WHAT TO PRODUCE:
After finding the line with "A la par, esta" in the data below, set down exactly each line through the one with "and over again)", inclusive, and stop there.

EXERCISE INPUTS:
>>>>>
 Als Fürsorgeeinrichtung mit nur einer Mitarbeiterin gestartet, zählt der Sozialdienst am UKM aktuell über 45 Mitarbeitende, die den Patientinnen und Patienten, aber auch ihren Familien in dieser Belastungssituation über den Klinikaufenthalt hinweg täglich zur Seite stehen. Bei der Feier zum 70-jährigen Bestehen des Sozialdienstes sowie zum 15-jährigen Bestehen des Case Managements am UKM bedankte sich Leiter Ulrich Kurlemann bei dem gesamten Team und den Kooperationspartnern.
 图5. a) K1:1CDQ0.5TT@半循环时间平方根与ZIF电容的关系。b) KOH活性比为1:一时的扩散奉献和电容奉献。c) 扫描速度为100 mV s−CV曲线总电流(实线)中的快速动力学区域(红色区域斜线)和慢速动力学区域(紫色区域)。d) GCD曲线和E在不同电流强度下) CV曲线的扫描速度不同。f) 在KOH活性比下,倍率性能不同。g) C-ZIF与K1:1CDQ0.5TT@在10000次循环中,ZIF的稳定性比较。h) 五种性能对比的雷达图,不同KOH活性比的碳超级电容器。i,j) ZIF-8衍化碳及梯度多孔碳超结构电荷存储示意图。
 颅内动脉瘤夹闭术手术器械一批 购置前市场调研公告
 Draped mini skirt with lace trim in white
<<<<<
>>>>>
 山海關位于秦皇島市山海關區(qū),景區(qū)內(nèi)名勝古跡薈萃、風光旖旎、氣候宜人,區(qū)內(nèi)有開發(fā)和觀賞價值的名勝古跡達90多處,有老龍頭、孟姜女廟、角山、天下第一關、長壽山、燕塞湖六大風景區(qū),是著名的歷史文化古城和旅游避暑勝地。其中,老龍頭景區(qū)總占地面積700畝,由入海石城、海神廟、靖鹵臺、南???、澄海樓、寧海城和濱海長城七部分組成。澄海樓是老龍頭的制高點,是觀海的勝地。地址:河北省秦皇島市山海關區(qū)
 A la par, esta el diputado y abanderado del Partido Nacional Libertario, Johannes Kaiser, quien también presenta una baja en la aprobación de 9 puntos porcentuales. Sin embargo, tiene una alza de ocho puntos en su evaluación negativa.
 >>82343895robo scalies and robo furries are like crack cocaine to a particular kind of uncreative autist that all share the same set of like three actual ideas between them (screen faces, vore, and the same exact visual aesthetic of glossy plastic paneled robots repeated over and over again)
<<<<<
RESPONSE FOR THIS EXERCISE:
 A la par, esta el diputado y abanderado del Partido Nacional Libertario, Johannes Kaiser, quien también presenta una baja en la aprobación de 9 puntos porcentuales. Sin embargo, tiene una alza de ocho puntos en su evaluación negativa.
 >>82343895robo scalies and robo furries are like crack cocaine to a particular kind of uncreative autist that all share the same set of like three actual ideas between them (screen faces, vore, and the same exact visual aesthetic of glossy plastic paneled robots repeated over and over again)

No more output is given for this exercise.